After previewing his announcement with ABC News, Romer joined Obama campaign manager David Plouffe on a conference call with reporters.
Romer elaborated on his delegate math rationale saying, ‘This race, I believe is over. Sen. Obama has accumulated a lead in delegates chosen by primaries, caucuses and superdelegates that cannot be overcome. “
Plouffe used the endorsement by the former Colorado governor to underscore Obama's determination to win the Centennial State in November.
“We believe Colorado, a state Gov.

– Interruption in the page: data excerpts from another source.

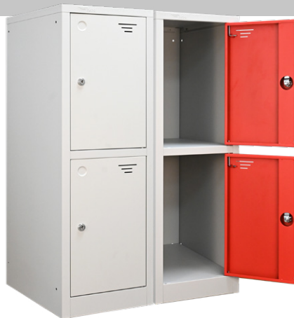
Two doors do not include a hanging rail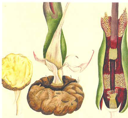
Voodoo lily, Typhonium venosum , watercolour, 1796, Thomas Hardwicke collection

This conference ran alongside the UN Convention on Biological Diversity meeting, serving as a platform for discussion on planning a museum on Indian biodiversity. Conference organisers recognised the need to bring together practitioners and researchers across the disciplines, resulting in an acknowledgment of the sciences, arts and humanities as interwoven rather than as disciplinary silos. This stimulated approaches to representing biodiversity, where traditional and cultural knowledge – exchanged through word of mouth and the printed word – are considered an operative part of India's environmental protection and care. A number of talks used traditional knowledge as a springboard for discussion on how to manage and curate botanic gardens and museums.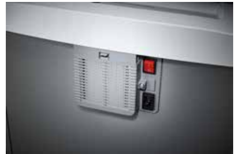
Dahle Top Secret 710air document shredder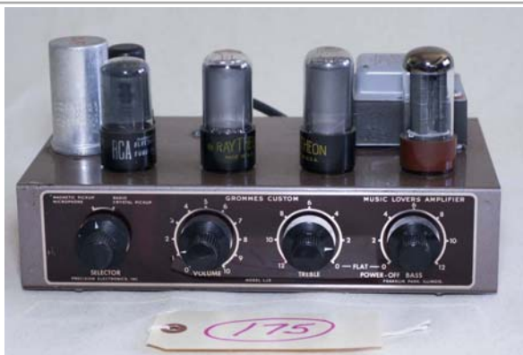
175. Grommes / LJ2 "Little Jewel" "Music Lovers Amplifier" ; 10 watts; circa 1959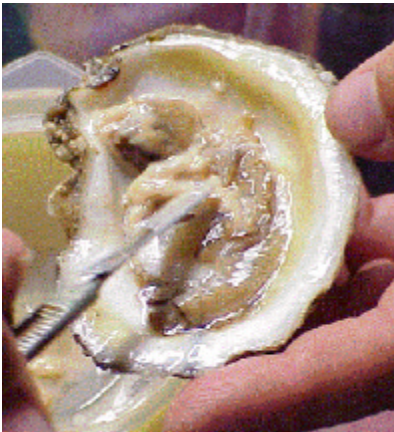
Scraping eggs from gonads

(Students may want to see "Oyster Anatomy" activity for more information on this.)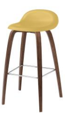
// Venetian Gold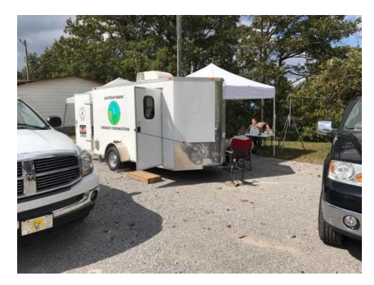
Figure 5 Letcher Co Hamfest

The club holds a Hamfest each year in April that draws in Hams from Kentucky, Virginia, and Tennessee. This year's Hamfest will be held Saturday April 14th from 8am to Noon in the Mountain Shrine Club at 95 Maryland Drive Whitesburg, KY 41858. Admission is $5 and tables at $10 for Hams wishing to sell items. Tailgating is free with one paid. This year the clubs goal is to grow interest in the 220 MHz band. That is why we are giving away a new TYT-9000D 220 transceiver and antenna. The club uses the East Kentucky 220 MHz linked repeater system along with the East Kentucky 2M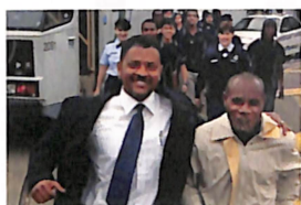
FROM KOKODA TO ESSENDON PAGE 3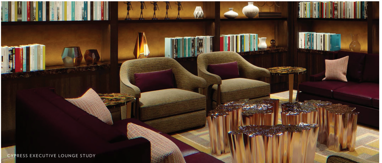
CYPRESS EXECUTIVE LOUNGE STUDY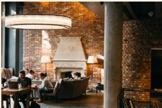
Shoreditch, London | 210 rooms Birth of the Hoxton Hotels, right in the heart of East London.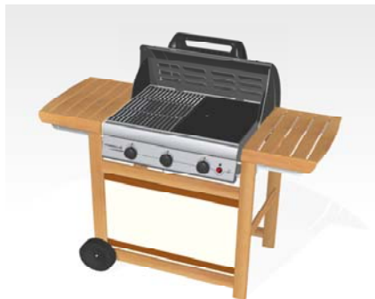
ADELAÏDE 3 WOODY L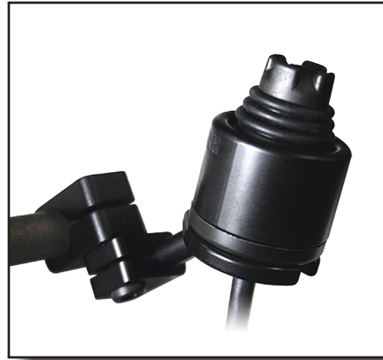
Precision Mini Proportional (PMPJ)

The Stealth Products line of joysticks are some of the most precise, robust, multiple axis, proportional controllers available for use on a power wheelchair. Through the use of i-Drive technology and software, the joysticks reaction to movement can be fine-tuned so the slightest change offers precision control translated to a voltage signal output.

Romer knows as well as anybody, is going to be not just a Battleground State, but a state we can win and put in the Obama column in November," said Plouffe.
Romer had been previously reluctant to discuss his support for a presidential candidate because he is leading Ed in '08, a non-partisan effort to make education reform a centerpiece of the 2008 campaign.
Asked if announcing his support for Obama conflicted with his Ed in '08 role, Romer pointed to the Republican affiliation of the group's executive director.
"My partner here, Marc Lampkin is a Bush Republican, a McCain Republican, so we are still one Democrat and one Republican who will be working even handedly," Romer told ABC News.
Asked to weigh in on Obama's support for performance-based pay for individual teachers (one area of education policy which differentiates the Illinois senator from Clinton), Romer said, "I think he's got a very responsible position in that area."
"My role is to do educational advocacy," explained Romer, "yet, I'm a citizen who votes and I have to fulfill my obligation to my party."
By making his announcement, Romer may have enhanced his clout in an Obama White House. Plouffe said the Obama campaign will seek the counsel and advice of Romer on education issues.